- Born: September 5, 1941 Calgary, Alberta, Canada
- Died: August 19, 2022 (aged 80) Strathmore, Alberta, Canada
- Height: 5 ft 11 in (180 cm)
- Weight: 165 lb (75 kg; 11 st 11 lb)
- Position: Goaltender
- Caught: Left
- Played for: Detroit Red Wings
- Playing career: 1961–1969

= Harrison Gray (ice hockey) =

Canadian ice hockey player (1941–2022)

Harrison Leroy Gray (September 5, 1941 – August 19, 2022) was a Canadian professional ice hockey goaltender who played in the National Hockey League with the Detroit Red Wings during the 1963–64 season.

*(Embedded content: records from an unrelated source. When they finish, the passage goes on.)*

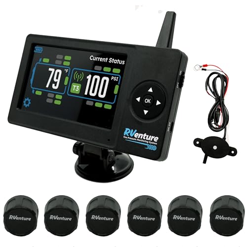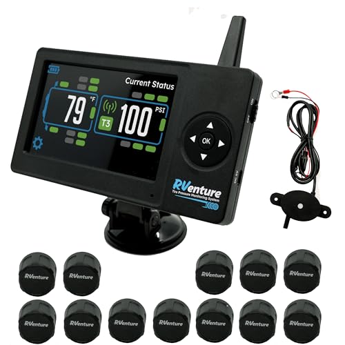 - RV TIRE PRESSURE MONITORING SYSTEM – Featuring a vibrant 5-inch widescreen color display, shows real-time pressure and temperature readings with clarity. It offers visual, audible, and text-based alerts to notify you of unsafe conditions.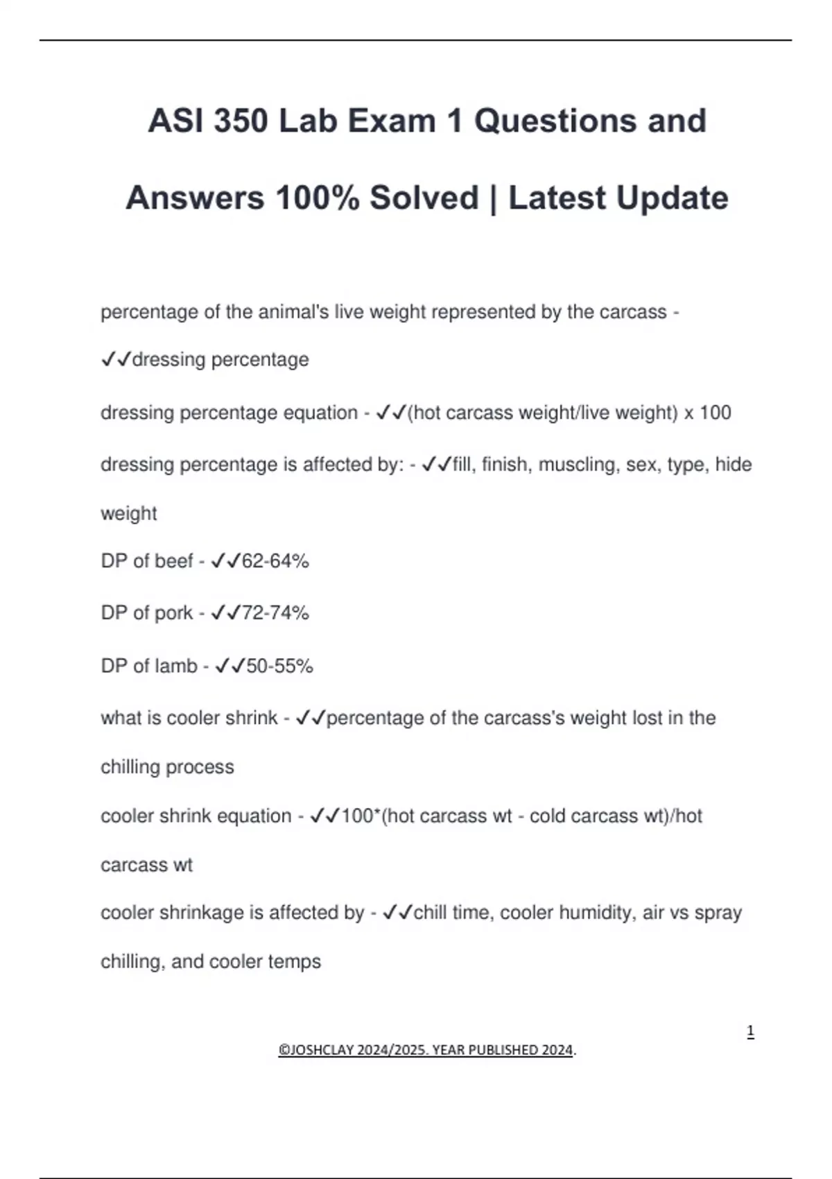 dressing percentage equation - ✔✔(hot carcass weight/live weight) x 100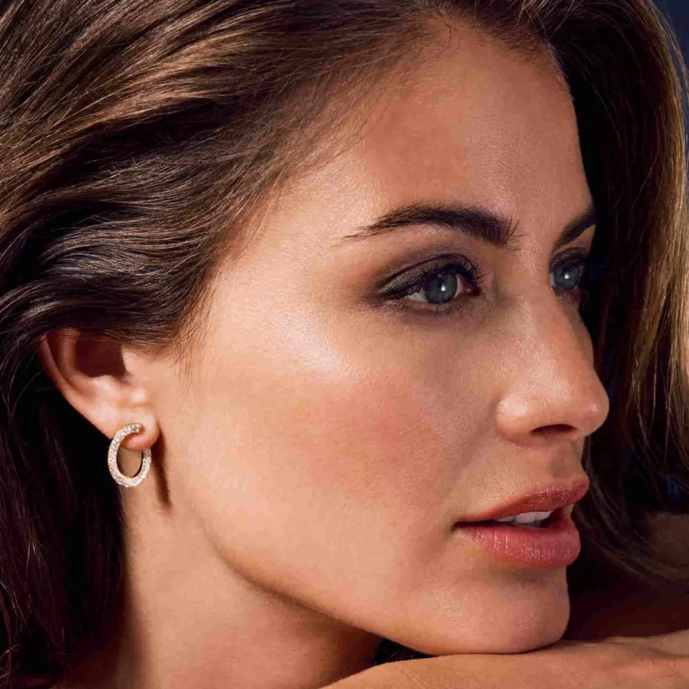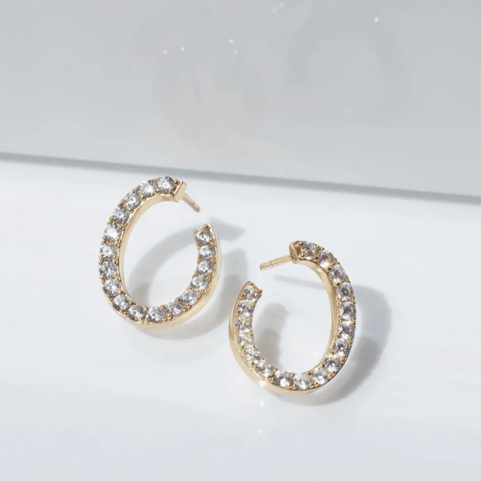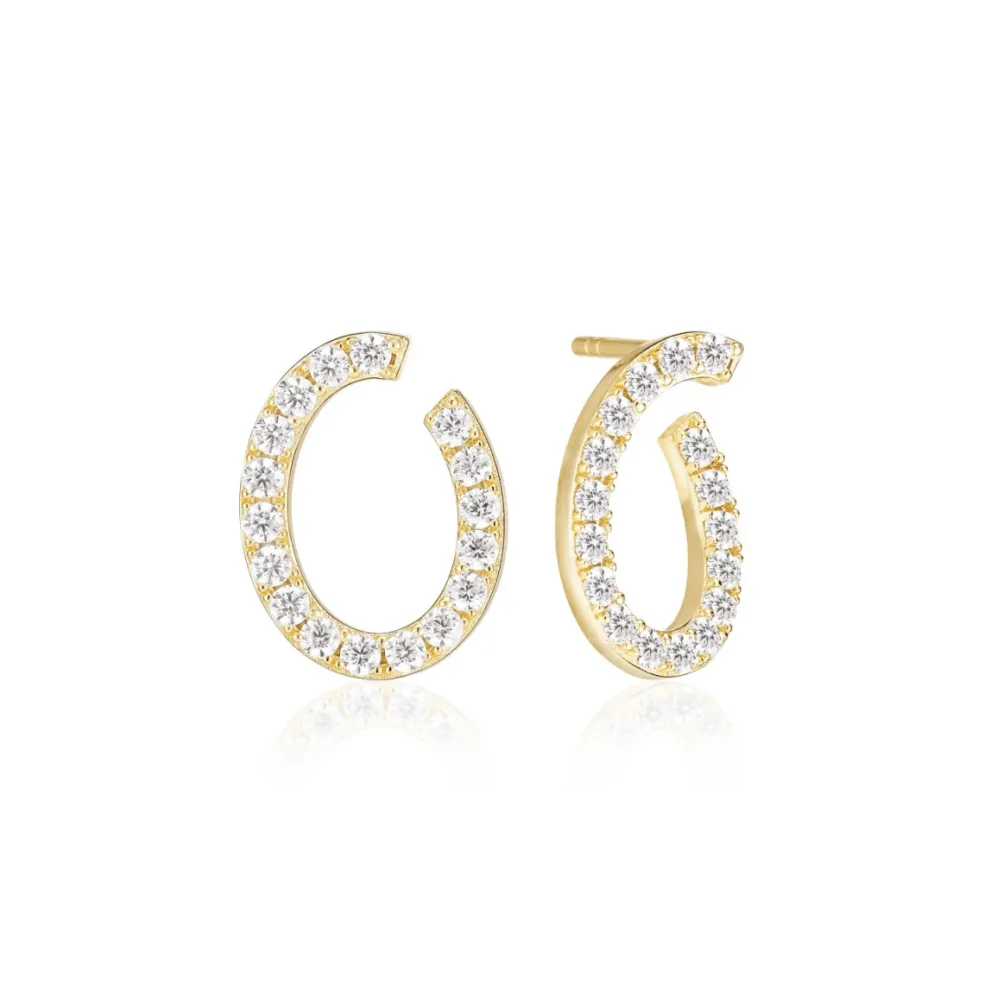 Örhängen av 18 karat guldpläterat silver med polerad yta och handplacerade facettslipade vita zirkoner. Här ser du modellen Ellisse som tack vare sin ovala form som sitter mycket elegant på örat.

The rest of his career, which lasted from 1961 to 1970, was spent in the minor leagues.

==Playing career==
Gray played for only 40 minutes of one NHL game, the November 28, 1963 match against the Montreal Canadiens. He received credit for the loss after allowing 5 goals on 31 shots in a 7–3 loss at Detroit. Gray took over for the injured Terry Sawchuck.

From 1964 to 1969, Gray played another 318 games in the Eastern Hockey League before retiring from professional hockey.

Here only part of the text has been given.